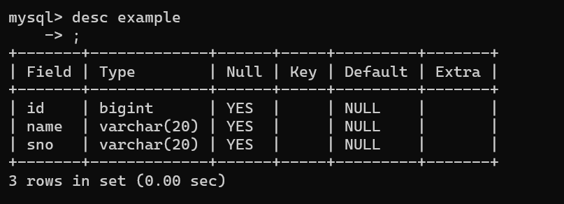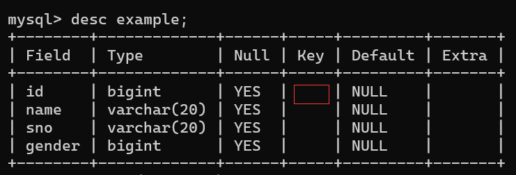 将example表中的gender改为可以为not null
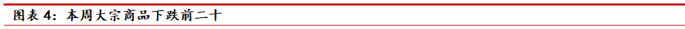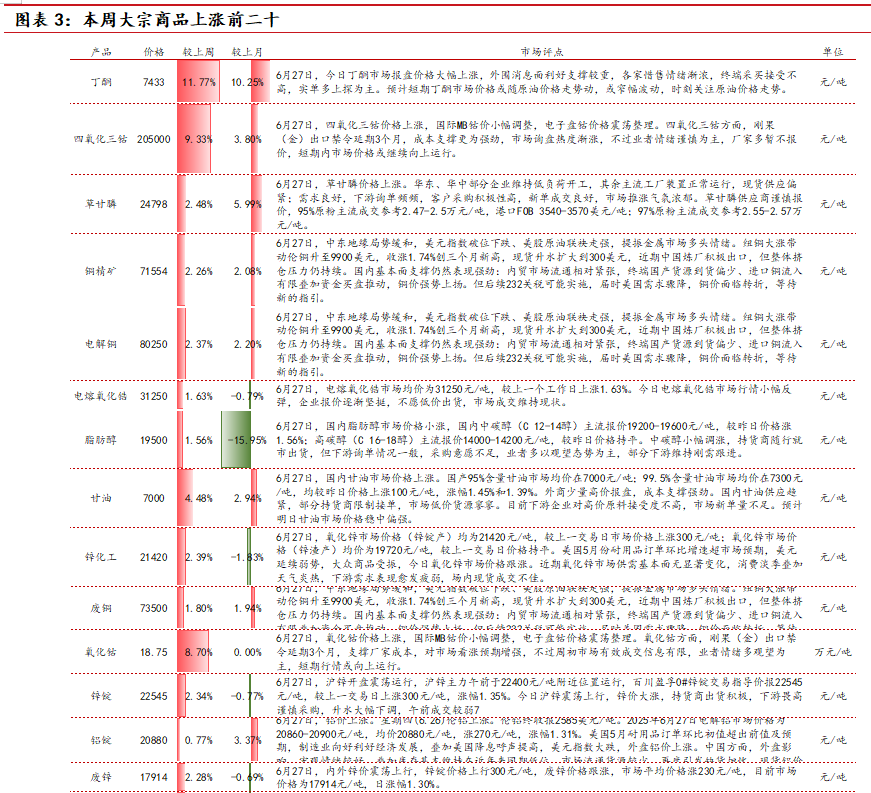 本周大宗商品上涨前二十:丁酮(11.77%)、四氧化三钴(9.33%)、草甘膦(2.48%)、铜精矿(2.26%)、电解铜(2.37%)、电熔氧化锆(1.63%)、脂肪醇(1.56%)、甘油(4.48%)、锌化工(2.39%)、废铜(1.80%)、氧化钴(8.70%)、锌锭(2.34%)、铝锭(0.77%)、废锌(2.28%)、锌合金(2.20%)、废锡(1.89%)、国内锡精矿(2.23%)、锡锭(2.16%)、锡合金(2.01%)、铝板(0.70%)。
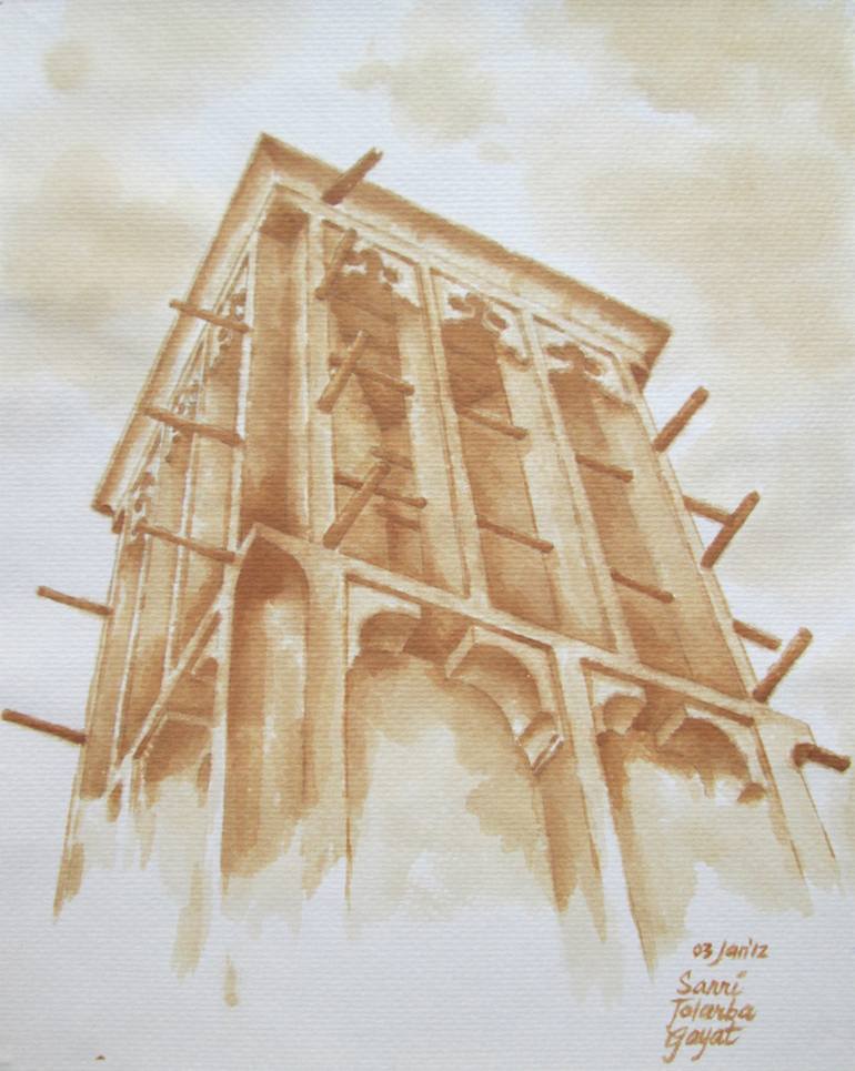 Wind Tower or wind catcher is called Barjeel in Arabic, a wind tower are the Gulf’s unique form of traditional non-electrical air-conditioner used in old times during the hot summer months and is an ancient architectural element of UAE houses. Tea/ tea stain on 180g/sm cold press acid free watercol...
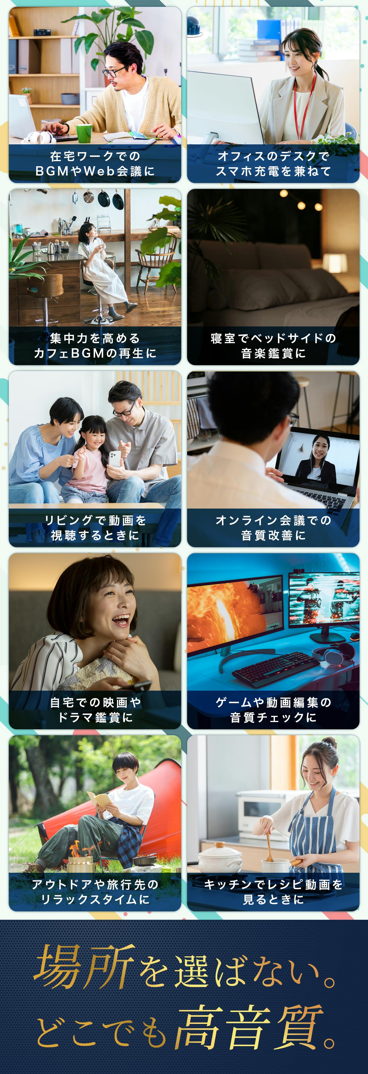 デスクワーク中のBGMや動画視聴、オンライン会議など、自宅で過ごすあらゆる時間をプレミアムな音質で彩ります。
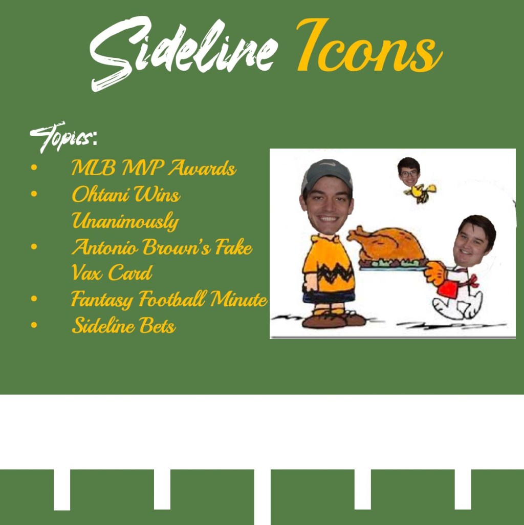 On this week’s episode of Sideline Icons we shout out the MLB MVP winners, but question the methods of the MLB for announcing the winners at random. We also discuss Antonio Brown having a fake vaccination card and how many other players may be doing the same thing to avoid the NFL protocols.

____________

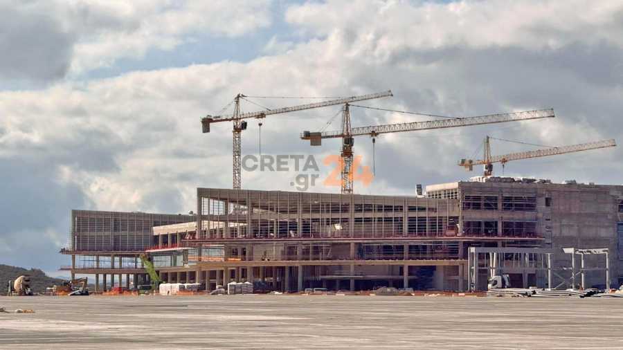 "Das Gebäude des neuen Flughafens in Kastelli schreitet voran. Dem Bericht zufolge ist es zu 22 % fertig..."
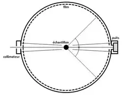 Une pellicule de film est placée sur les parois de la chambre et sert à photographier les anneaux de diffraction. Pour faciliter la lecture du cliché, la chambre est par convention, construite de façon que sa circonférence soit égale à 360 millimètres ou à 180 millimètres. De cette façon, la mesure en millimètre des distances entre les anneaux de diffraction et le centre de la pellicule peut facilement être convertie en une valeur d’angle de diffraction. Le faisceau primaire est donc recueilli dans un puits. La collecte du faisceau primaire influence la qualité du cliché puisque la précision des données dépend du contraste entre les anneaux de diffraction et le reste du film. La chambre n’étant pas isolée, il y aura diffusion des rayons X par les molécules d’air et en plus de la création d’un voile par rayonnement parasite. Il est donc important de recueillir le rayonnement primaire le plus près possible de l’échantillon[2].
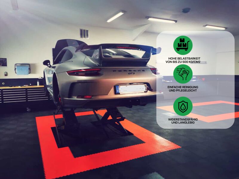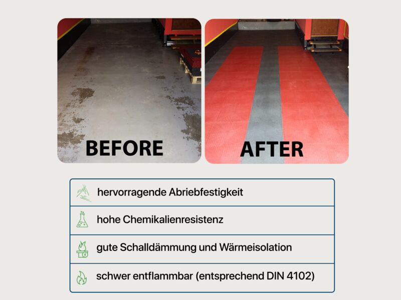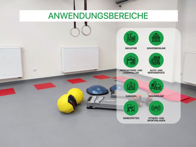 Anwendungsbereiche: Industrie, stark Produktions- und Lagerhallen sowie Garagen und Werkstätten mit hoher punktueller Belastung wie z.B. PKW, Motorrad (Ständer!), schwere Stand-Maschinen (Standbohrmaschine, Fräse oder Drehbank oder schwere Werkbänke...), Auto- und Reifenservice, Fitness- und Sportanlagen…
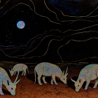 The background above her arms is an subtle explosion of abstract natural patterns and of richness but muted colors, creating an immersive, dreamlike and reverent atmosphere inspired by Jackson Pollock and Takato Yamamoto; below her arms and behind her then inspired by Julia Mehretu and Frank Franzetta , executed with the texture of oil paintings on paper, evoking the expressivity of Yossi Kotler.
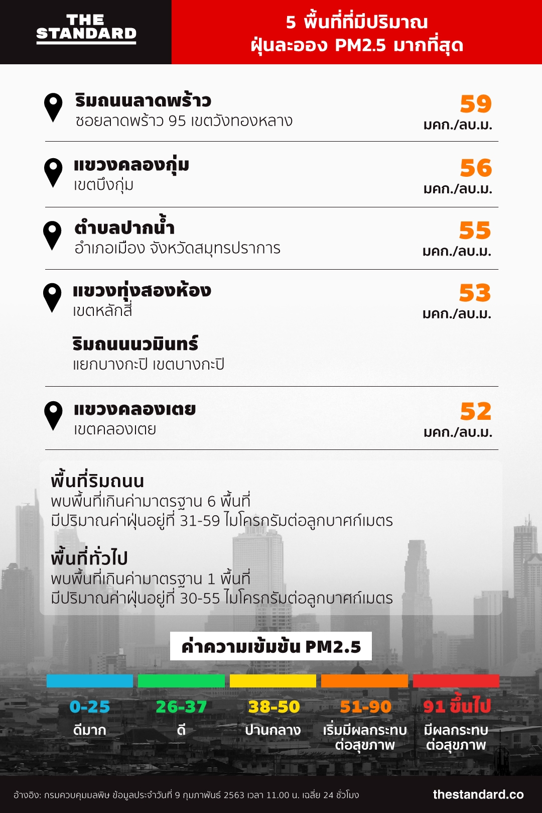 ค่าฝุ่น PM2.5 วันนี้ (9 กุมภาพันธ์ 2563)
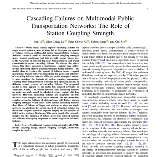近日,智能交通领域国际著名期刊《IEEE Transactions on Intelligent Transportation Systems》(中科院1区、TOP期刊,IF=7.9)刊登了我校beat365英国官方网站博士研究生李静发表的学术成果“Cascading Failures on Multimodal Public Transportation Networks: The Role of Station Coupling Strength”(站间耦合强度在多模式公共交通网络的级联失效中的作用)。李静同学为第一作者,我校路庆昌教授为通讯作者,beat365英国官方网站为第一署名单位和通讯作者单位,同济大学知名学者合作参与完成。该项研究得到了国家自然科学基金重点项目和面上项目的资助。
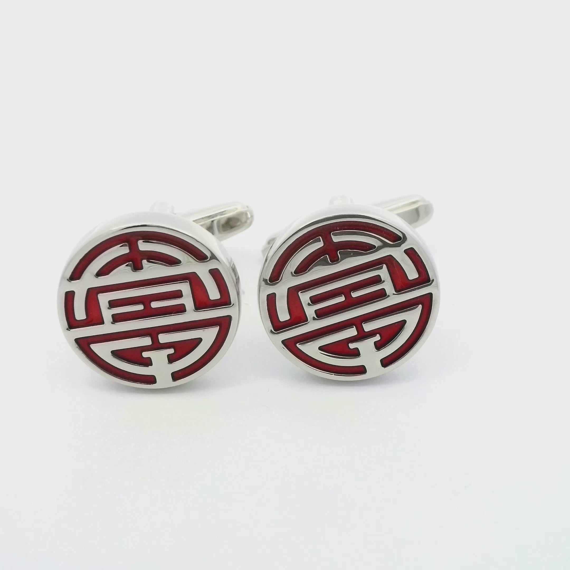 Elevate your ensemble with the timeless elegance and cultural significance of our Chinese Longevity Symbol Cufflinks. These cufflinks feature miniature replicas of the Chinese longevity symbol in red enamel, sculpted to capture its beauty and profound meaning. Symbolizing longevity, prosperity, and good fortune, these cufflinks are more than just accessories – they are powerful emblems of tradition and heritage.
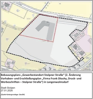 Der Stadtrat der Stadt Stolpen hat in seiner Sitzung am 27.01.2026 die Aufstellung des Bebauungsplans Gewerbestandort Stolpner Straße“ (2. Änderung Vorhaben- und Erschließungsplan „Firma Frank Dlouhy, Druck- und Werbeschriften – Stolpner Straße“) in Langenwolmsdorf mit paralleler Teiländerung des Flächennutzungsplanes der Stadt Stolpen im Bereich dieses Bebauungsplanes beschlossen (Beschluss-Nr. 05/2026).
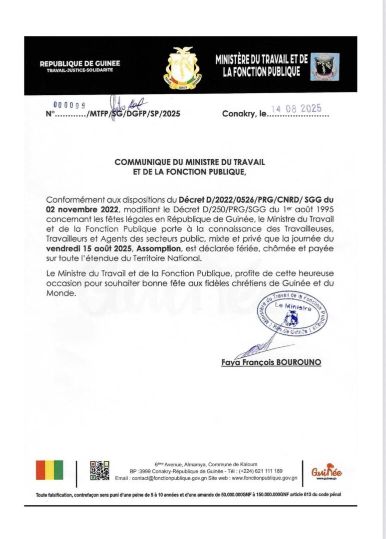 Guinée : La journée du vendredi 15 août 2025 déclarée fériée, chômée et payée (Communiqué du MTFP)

____________

Problem requirements: Would you give again, exactly, the lines in the data above that run from the line containing "Gebäude des neuen" to the line containing "近日,智能交通领域国际著名期刊《IEEE Transactions on"? Include both ends and no pictures.

Exercise output:
 "Das Gebäude des neuen Flughafens in Kastelli schreitet voran. Dem Bericht zufolge ist es zu 22 % fertig..."
 Une pellicule de film est placée sur les parois de la chambre et sert à photographier les anneaux de diffraction. Pour faciliter la lecture du cliché, la chambre est par convention, construite de façon que sa circonférence soit égale à 360 millimètres ou à 180 millimètres. De cette façon, la mesure en millimètre des distances entre les anneaux de diffraction et le centre de la pellicule peut facilement être convertie en une valeur d’angle de diffraction. Le faisceau primaire est donc recueilli dans un puits. La collecte du faisceau primaire influence la qualité du cliché puisque la précision des données dépend du contraste entre les anneaux de diffraction et le reste du film. La chambre n’étant pas isolée, il y aura diffusion des rayons X par les molécules d’air et en plus de la création d’un voile par rayonnement parasite. Il est donc important de recueillir le rayonnement primaire le plus près possible de l’échantillon[2].
 Anwendungsbereiche: Industrie, stark Produktions- und Lagerhallen sowie Garagen und Werkstätten mit hoher punktueller Belastung wie z.B. PKW, Motorrad (Ständer!), schwere Stand-Maschinen (Standbohrmaschine, Fräse oder Drehbank oder schwere Werkbänke...), Auto- und Reifenservice, Fitness- und Sportanlagen…
 The background above her arms is an subtle explosion of abstract natural patterns and of richness but muted colors, creating an immersive, dreamlike and reverent atmosphere inspired by Jackson Pollock and Takato Yamamoto; below her arms and behind her then inspired by Julia Mehretu and Frank Franzetta , executed with the texture of oil paintings on paper, evoking the expressivity of Yossi Kotler.
 ค่าฝุ่น PM2.5 วันนี้ (9 กุมภาพันธ์ 2563)
近日,智能交通领域国际著名期刊《IEEE Transactions on Intelligent Transportation Systems》(中科院1区、TOP期刊,IF=7.9)刊登了我校beat365英国官方网站博士研究生李静发表的学术成果“Cascading Failures on Multimodal Public Transportation Networks: The Role of Station Coupling Strength”(站间耦合强度在多模式公共交通网络的级联失效中的作用)。李静同学为第一作者,我校路庆昌教授为通讯作者,beat365英国官方网站为第一署名单位和通讯作者单位,同济大学知名学者合作参与完成。该项研究得到了国家自然科学基金重点项目和面上项目的资助。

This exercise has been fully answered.